I lost faith in god years ago. How could a god, if one existed, torture its own creation like the god on my earth does? Hope? I buried that alongside my faith, convinced that miracles were nothing more than cruel illusions, tantalizing mirages to mock the naive. 

Yet, here I stand, watching all the convictions I had bitterly come to accept as truth, unraveling before me in the streets of downtown Toronto. And there he is—a mere step away—summoned from the depths of my most desperate dreams. The world around us blurs, the city's hum a distant echo, and at this moment, it feels as if some malevolent god, amused by my disbelief, has decided to play one final, twisted joke on me. 

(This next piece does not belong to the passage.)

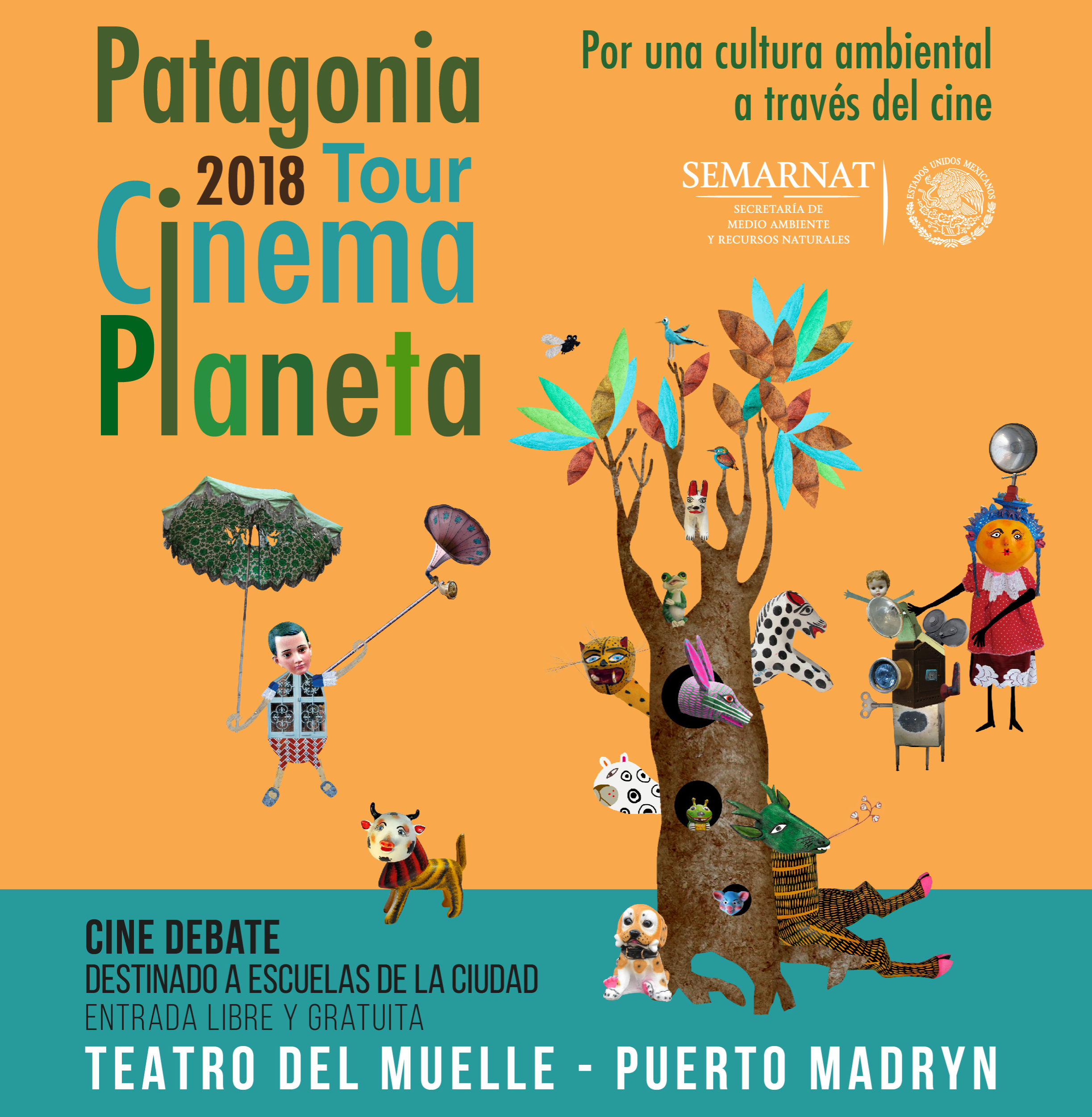 El PATAGONIA ECO FILM FEST (festival internacional de cine ambiental de la Patagonia) junto a CECADESU (centro de educación y capacitación para el desarrollo sostenible de México), la SEMARNAT (Secretaria de ambiente y recursos naturales de México) y CINE PLANETA (festival internacional de cine y medio ambiente de México) organizan la presentación de Patagonia Tour Cinema Planeta, una muestra mensual de películas de todo el mundo de temática ambiental, la misma se realizara en el Teatro del Muelle de la ciudad de Puerto Madryn en el formato Cine Debate.

It has to be himthis man has to be Azaan. But if it is, how can he not recognize me? How can he stand there, so close, yet so impossibly distant?  Or was I so unimportant to him that he has already forgotten my face? The very notion of him being here, now, defies the rules of the universe I thought I understood. Things like this happen in fairytales and pages of fiction, not in the unforgiving reality I had become accustomed to. Yet the resemblance is undeniable, his features hardened with age, but he is still the same Azaan that I

"Miss, are you okay? I need you to respond so I can help you," his concerned voice—God, that voice — pulls me out of my thoughts, still laced with the soft German accent that soothed my fears all those years ago. "I just got the coffee, so it must have been hot. Are you hurt?"

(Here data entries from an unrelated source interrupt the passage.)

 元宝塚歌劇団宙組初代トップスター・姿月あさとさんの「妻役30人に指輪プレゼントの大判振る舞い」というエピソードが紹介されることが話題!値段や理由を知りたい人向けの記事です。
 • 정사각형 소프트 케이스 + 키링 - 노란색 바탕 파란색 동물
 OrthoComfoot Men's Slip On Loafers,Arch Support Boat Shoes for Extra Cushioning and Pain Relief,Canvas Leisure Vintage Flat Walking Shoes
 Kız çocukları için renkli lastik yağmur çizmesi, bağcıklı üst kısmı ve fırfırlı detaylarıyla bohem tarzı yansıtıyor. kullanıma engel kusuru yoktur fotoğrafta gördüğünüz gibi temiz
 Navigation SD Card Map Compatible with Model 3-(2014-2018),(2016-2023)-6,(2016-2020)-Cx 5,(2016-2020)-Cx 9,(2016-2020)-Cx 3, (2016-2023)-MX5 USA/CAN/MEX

"No, no I'm fine," I murmur, struggling to pull myself back to reality. "It wasn't too hot—the coffee, I mean..." My words come out disjointed, and I glance down at my coat, now stained by the warm liquid. The fabric of my fall coat had spared me from any real pain, but even if it hadn't, I doubt I would have noticed. The pain of a physical burn would be nothing compared to the ache of seeing him again and feeling so utterly unknown. I look into his eyes, looking to find some sense of familiarity, a sign of recognition but I find none.

"Oh, thank God," he sighs, relief softening his features. His eyes drift to my coat, concern lingering in them. "But it might stain. I can pay for the dry cleaning," he offers, reaching for his wallet as though he could somehow erase the past with a few dollars. His fingers grasp a bill, poised to make amends for the accident. 

"There's no need for that," my voice catches, "I can just throw it in the wash later," I say the words as if they matter, but they don't. Not really. 

"Oh. Well, that's good," he replies with an awkward smile that doesn't quite reach his eyes. "Once again, I apologize for the spill, but I should probably get going." He looks at me, waiting for some sign of acknowledgment but I'm frozen, caught between the past and present, unable to find the words that could bridge the gap. Confusion flashes across his face when I remain silent. Eventually, he gives me an awkward nod and starts to turn away, his arm brushing mine as he does. 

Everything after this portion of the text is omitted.